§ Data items
####################

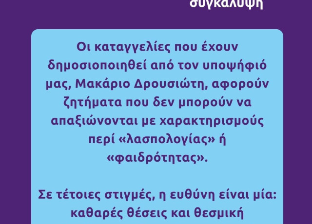 Τα όσα έχουν δημοσιοποιηθεί από τον υποψήφιό μας, Μακάριο Δρουσιώτη, εγείρουν σοβαρά ερωτήματα που αφορούν τη λειτουργία των θεσμών και το κράτος δικαίου. Σε μια σύγχρονη ευρωπαϊκή δημοκρατία, τέτοιες καταγγελίες που αφορούν θεσμική διαφθορά δεν μπορούν να αγνοούνται. Το Volt επιμένει στο αυτονόητο: πλήρη, ανεξάρτητη και σε βάθος διερεύνηση, με απόλυτη διαφάνεια.
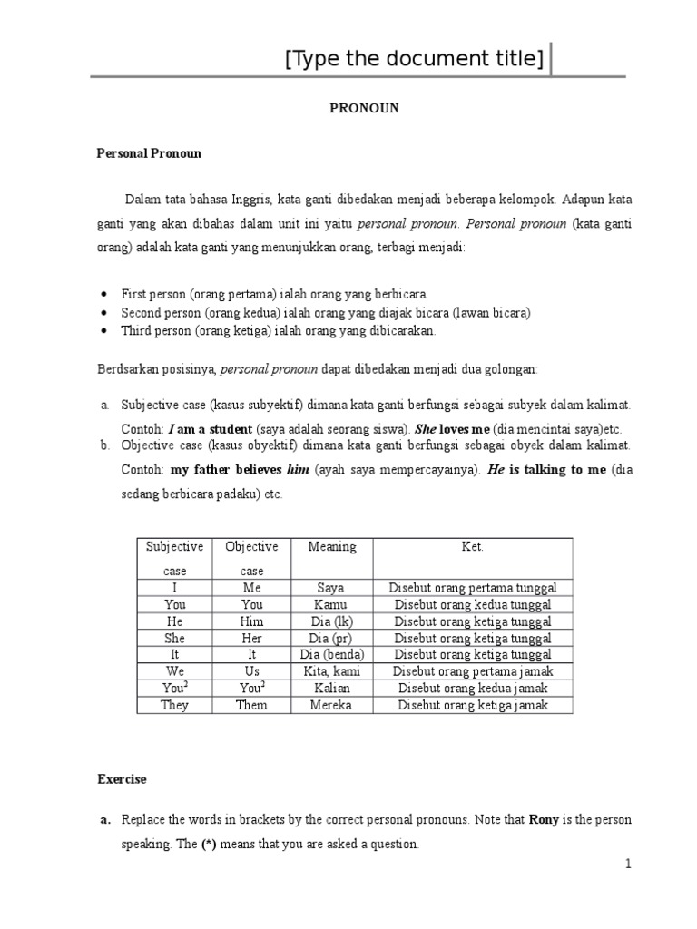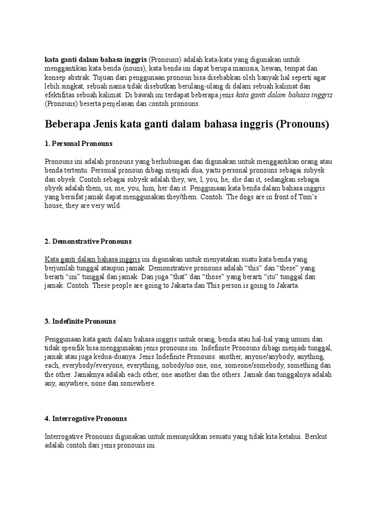 Englishcoo kata ganti dalam bahasa inggris contoh pronoun seperti i me you they them we us she her he him it dan masih banyak lagi. Pronomina menyesuaikan konteks kalimat. Semua dibahas lengkap jenis jenis kata ganti dan contoh kalimat beserta artinya. Berdasarkan pengertian fungsi dan contoh kata ganti dalam kalimat yang telah diuraikan diatas maka dapat kita simpulkan bahwa kata ganti pronomina adalah suatu jenis kata yang berfungsi sebagai pengganti nomina lain atau kata lain. Pengertian kata ganti fungsi ciri jenis dan contoh kata ganti promina dalam bahasa indonesia lengkap kata ganti atau promina adalah jenis kata yang menggantikan nomina atau frasa nomina. Kata ganti merupakan kata yang dipergunakan sebagai pengganti subyek maupun obyek berupa benda dan orang.
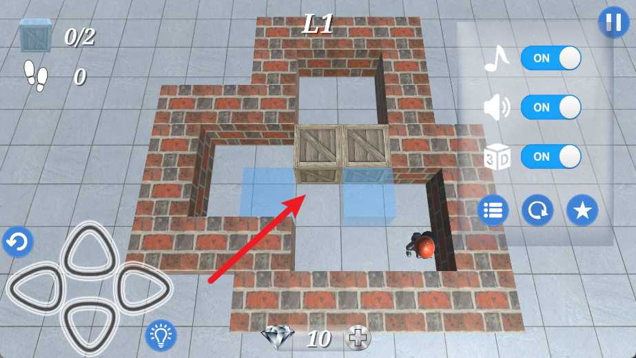 1、进入关卡后,先观察3D场景中的箱子位置、目标点位与角色可移动路径,根据 “只能推不能拉” 的规则,初步规划推箱顺序(优先推动阻挡关键路径的箱子)。
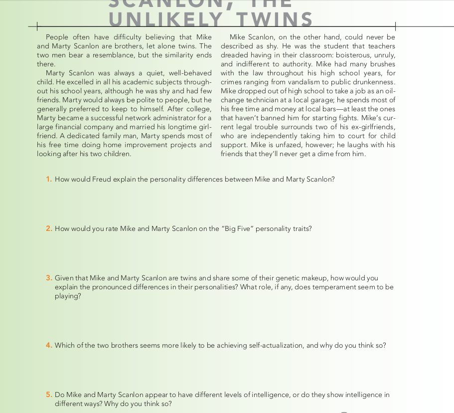 This is a review of the material we learned and is not for a grade! If you could, please read the paragraph and answer the 5 questions in both of the screen shots. Please do not look up the answers since I will have to use this to study with and do not want my review material to be plagarized.
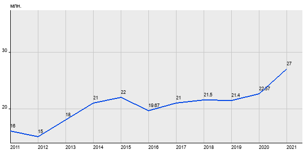 16 млн. руб, а в 2021 году - 27 млн. руб. Таким образом, средняя стоимость четырёхкомнатных квартир в районе "Пресненский" за
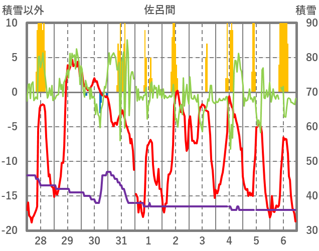 | 日 | 時 | 気温 | 降水 | 風向/風速 | 日照 | 積雪 | 降雪 |
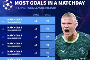 体育资讯10月22日讯 德国转会市场统计了欧冠比赛日的进球数量,并列出榜单,本赛季欧冠联赛阶段首轮比赛出现67粒进球,与2024-2025赛季欧冠第5轮比赛并列最多。
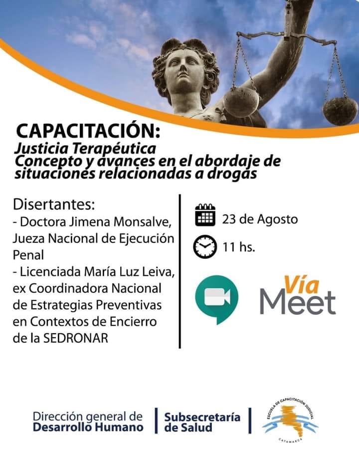 Capacitación : justicia terapéutica, conceptos y avances en el abordaje de situaciones relacionadas a la droga . 23 de agosto

####################

§ What you will do
Exclude the pictures and write out exactly the lines from the one holding "16 млн. руб, а" through the end of the entries, inclusive, and only those.

§ Completed exercise
 16 млн. руб, а в 2021 году - 27 млн. руб. Таким образом, средняя стоимость четырёхкомнатных квартир в районе "Пресненский" за
 | 日 | 時 | 気温 | 降水 | 風向/風速 | 日照 | 積雪 | 降雪 |
 体育资讯10月22日讯 德国转会市场统计了欧冠比赛日的进球数量,并列出榜单,本赛季欧冠联赛阶段首轮比赛出现67粒进球,与2024-2025赛季欧冠第5轮比赛并列最多。
 Capacitación : justicia terapéutica, conceptos y avances en el abordaje de situaciones relacionadas a la droga . 23 de agosto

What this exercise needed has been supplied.